A cette liste, s’ajoute la tragédie lyrique Chimène ou le Cid
(1783) d’Antonio Sacchini, montée en 2017 à Massy, Herblay et déjà au
Perreux‑sur‑Marne. Si la pandémie a repoussé la reprise de l’ouvrage, on
le retrouve pour une unique date au Centre des Bords de Marne, avec des
interprètes différents par rapport à la création, hormis les deux rôles
principaux. C’est là l’occasion de découvrir l’un des compositeurs les
plus fêtés de son temps, mais malheureusement largement oublié de nos
jours, et ce malgré plusieurs initiatives isolées, dont l’excellent
enregistrement en 2013 par Christophe Rousset de la tragédie lyrique Renaud. Avec Le Cid,
Sacchini s’attaque à un autre monument littéraire, centré cette fois
sur la figure de Chimène. Sa musique électrique et haute en couleur
trouve en Julien Chauvin un interprète vigoureux, qui opte pour des
attaques sèches et des tempi très vifs : de quoi donner un relief
saisissant aux nombreuses scènes guerrières qui parsèment l’ouvrage. On
est plus déçu en revanche lors des parties intimistes, qui manquent de
respiration et d’attention à l’expression des sentiments, en contraste.

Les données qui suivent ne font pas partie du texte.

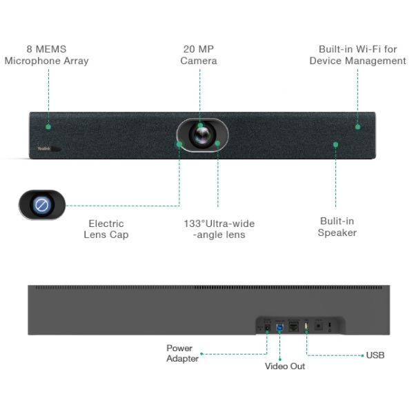 The Yealink UVC40 is ideal for video conferencing in the home or office. This device enables multiple users to join a meeting from different locations while maintaining crystal clear image and sound quality. The UVC40 has a 4K camera with a wide-angle lens and 12x digital zoom, allowing you to see the entire room clearly. It also includes a high-performance microphone to capture everyone's voice and a built-in speaker to deliver high-quality audio. The UVC40 also has a variety of connectivity options, allowing you to connect to a wide range of audio and video sources. You can easily navigate through different settings with its intuitive user interface to find the ideal setup for your meeting.Experience the convenience and quality of the Yealink UVC40 and make video conferencing a seamless part of your daily routine.
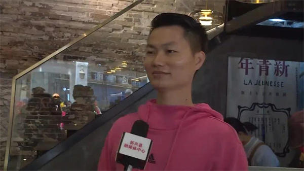 游客:“很激动,因为新兴难得有一条这么美的街,(你觉得它美在哪里?)喜欢她的风格和这些旗,晚上的灯光和灯笼,尤其是它的建筑风格,新兴有一条这么美的街,游客肯定会来走一走。”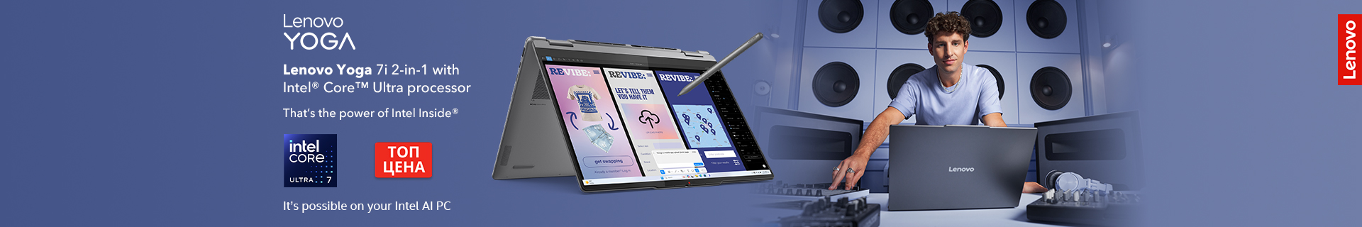 Творете навсякъде с Yoga 7i 2-in-1. Дизайнът му на 360° и сензорният екран ви позволяват да работите във всякакви ситуации. Задвижван от до Intel® Core™ Ultra 7 Evo и 40+ TOPS NPU, този Copilot+ лаптоп управлява енергията ефективно. 14-инчовият PureSight OLED дисплей с до 120 Hz честота на опресняване и Dolby Vision дават живот на вашите идеи.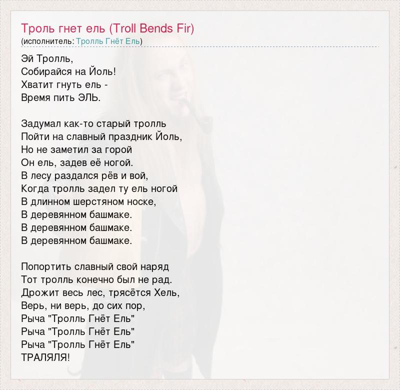 Эй Тролль, Собирайся на Йоль! Хватит гнуть ель - Время пить ЭЛЬ. Задумал как-то старый тролль Пойти на славный праздник Йоль, Но не заметил за горой Он ель, задев её ногой. В лесу раздался рёв и вой, Когда тролль задел ту ель ногой В длинном шерстяном носке, В деревянном башмаке. В деревянном башмаке. В деревянном башмаке. Попортить славный свой наряд Тот тролль конечно был не рад. Дрожит весь лес, трясётся Хель, Верь, ни верь, до сих пор, Рыча "Тролль Гнёт Ель" Рыча "Тролль Гнёт Ель" Рыча "Тролль Гнёт Ель" ТРАЛЯЛЯ!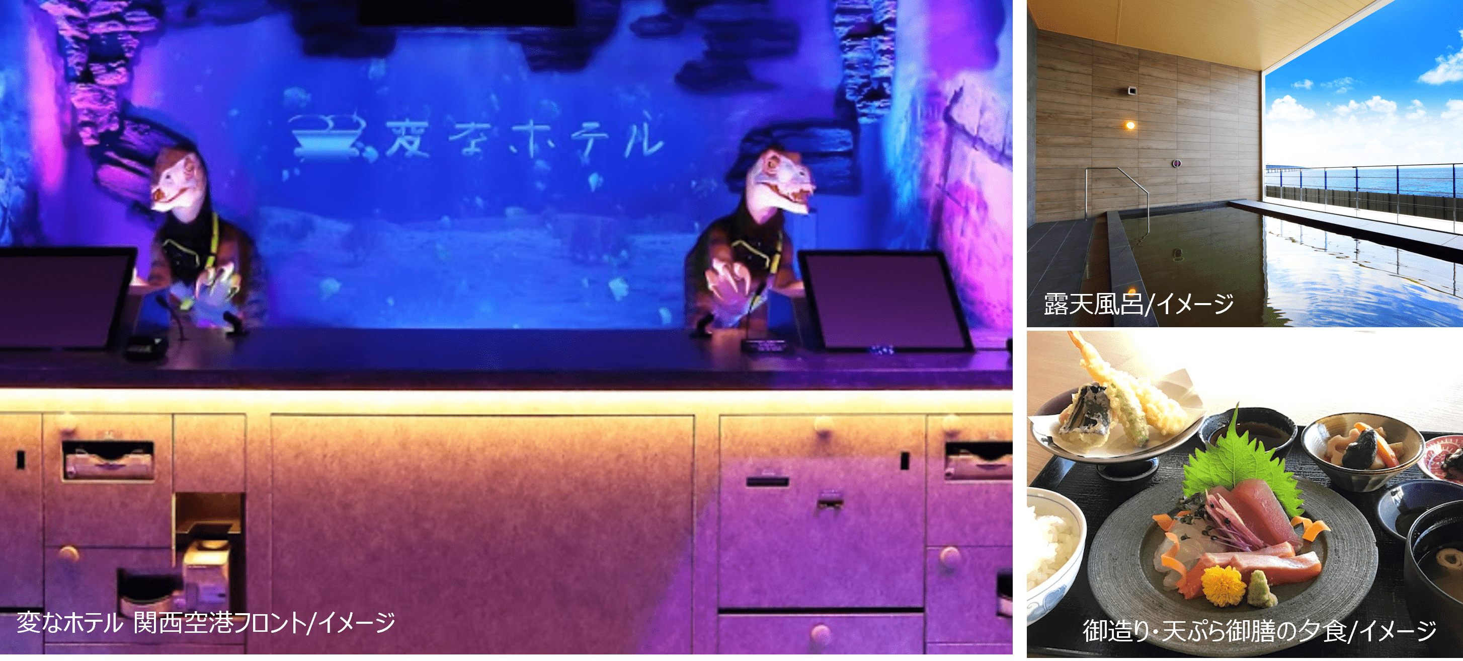 変なホテル 関西空港は、フロントでは恐竜ロボットがチェックインを担当し、ロビーには無料でご利用いただけるマンガコーナーを設けております。客室にはコンシェルジュロボット、大画面シアター、世界中のアスリートから支持されているファイテン社のアクアチタン技術を採用しております。オープン4周年を迎え、オーシャンビューの客室にご宿泊で、ホテル内の天然温泉施設のアクアイグニス 関西空港 泉州温泉をご利用いただけ、和食レストラン青庵での御造りと天ぷら御膳の夕食と和食ビュッフェ朝食の2食付の特別プランを発売いたします。9,800円~(1名様1泊、夕食・朝食付、入湯税150円別、税サ込)

Artavazd Sargsyan et Agnieszka Slawinska |
Quoi qu’il en soit, son travail donne beaucoup de tenue à l’ensemble,
autant par la précision des attaques, que l’attention à l’articulation
avec ses chanteurs, et tout particulièrement les superlatifs Chantres du
Centre de musique baroque de Versailles, véritables rayons de lumière à
chacune de leurs interventions. Leur niveau technique n’a pas à rougir
de celui offert par les solistes, et l’on se réjouit tout du long du
sens des couleurs et de la cohésion d’ensemble. A leurs côtés, on est
moins convaincu en revanche par la prestation d’Agnieszka Slawinska dans
le difficile rôle‑titre, du fait d’une prononciation perfectible du
français (et ce malgré l’expérience accumulée avec l’Opéra Studio de
l’Opéra du Rhin, de 2006 à 2008) et d’une émission étranglée dans le
suraigu, au fort vibrato, qui rend ses phrasés peu naturels. La soprano
polonaise compense ses difficultés par un investissement dramatique
engagé, mais on aurait préféré une artiste francophone dans un rôle
aussi décisif.
Parmi les grandes révélations de la soirée figurent les prestations de
Florent Karrer (Don Diègue) et Louis de Lavignère (Héraut d’armes), tous
deux superbes de vérité dans leurs rôles respectifs. Ainsi de
l’autorité naturelle de Florent Karrer, portée par une clarté d’émission
et une aisance sur toute la tessiture, mais c’est peut‑être plus encore
Louis de Lavignère qui impressionne par la beauté de son timbre charnu,
parfaitement projeté. On aime aussi la classe d’Artavazd Sargsyan
(Rodrigue), aux phrasés toujours aussi raffinés, et ce malgré un manque
de puissance et une émission parfois trop nasale. Tout le reste de la
distribution apporte beaucoup de satisfactions, au premier rang desquels
le solide Roi de Castille de Laurent Deleuil ou le chant raffiné et
gracile du Don Sanche de Benjamin Alunni.
On mentionnera enfin la mise en scène élégante et épurée de Sandrine
Anglade, qui se joue de la contrainte de l’étroitesse de la scène en
incluant les instrumentistes, tous grimés en juré d’un tribunal
métaphorique. Recentrée en une sorte de huis clos étouffant où Chimène
demande justice, la scénographie permet de concentrer l’attention sur
les tourments de la protagoniste. On aime aussi l’idée de jouer avec les
éléments techniques (particulièrement les éclairages) en un ballet
minimaliste, qui impose un climat d’étrangeté tout du long, au service
d’un travail probe et toujours pertinent.